I'm trying to prove that if p is a prime that is 1 (mod 4) then there exists some integer n such that n^2=-1 (mod p)

Here's my proof, please verify if it works

So U(Z_p) multiplicative group of units mod p, is cyclic of order p-1 so there exists some element in there, call it m, with 4 diving the order of m.

Then there is an element in the subgroup of U(Z_p), generated by m, with order 4

Call this element n. Then n^2 has order 2

Now we prove that any element of order 2 in U(Z_p) is -1

(I'm wondering if this part is true:)

So let x be such an element
Then x^2 =1
So 0 = x^2 -1 =(x+1)(x-1)
So x=1 or x=-1
But 1 has order 1 in U(Z_p) so x=-1

[End of proof]

which step in particular are you doubtful of?

Everything seems fine to me

It is fine

This proof is correct.
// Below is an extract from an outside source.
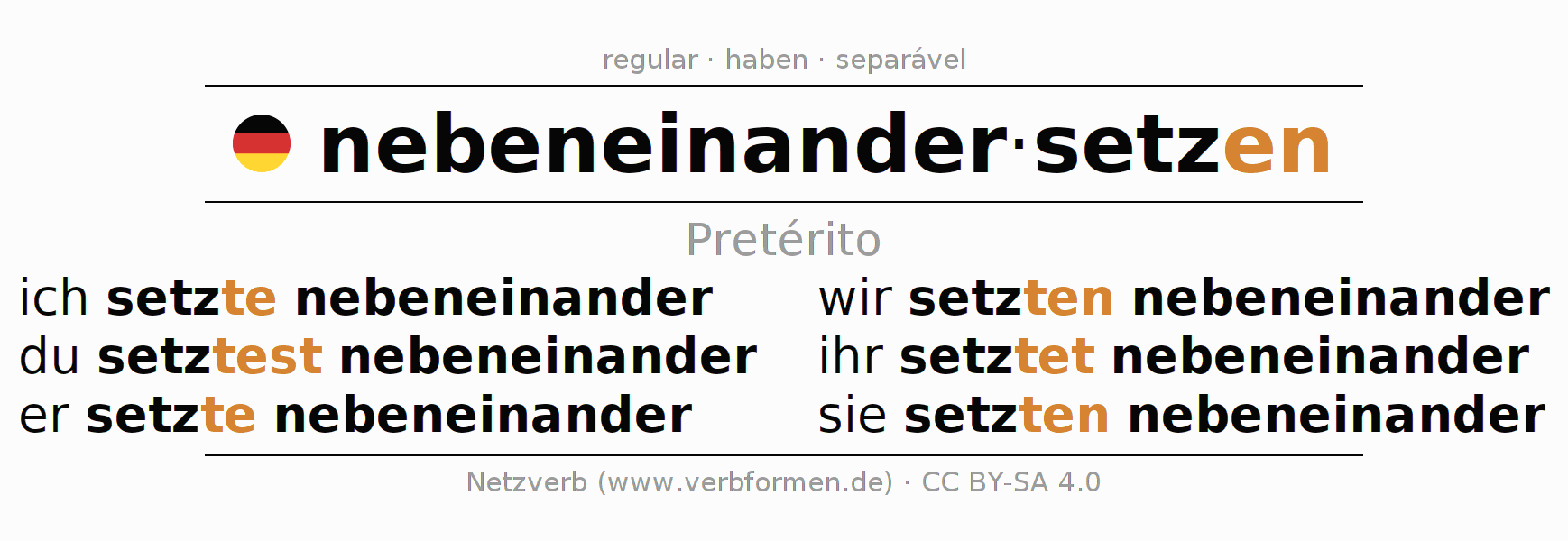 O verbo nebeneinandersetzen é totalmente conjugado em todas as pessoas e números no Pretérito Indicativo

I've actually seen it elsewhere before.

can someone explain the first answer

how is Fqn a subgroup of GL(m,Fq)

the diagonal

like choosing n elements along the diagonal?

n elements of F_q*

F*q^n has q^n-1 elements though

oh im wrong

you're looking for F*_{q^n}

not (F*_q)^n

so then what you want to do is this

notice that F_{q^n} is a degree n extension of F_q

therefore each nonzero element acts as a matrix of GL_n(F_q) on F_{q^n} by multiplication, since it's an invertible F_q linear transformation on (F_q)^n

this identification embeds F_{q^n}* into GL_n(F_q)

how do i construct a matrix for an element?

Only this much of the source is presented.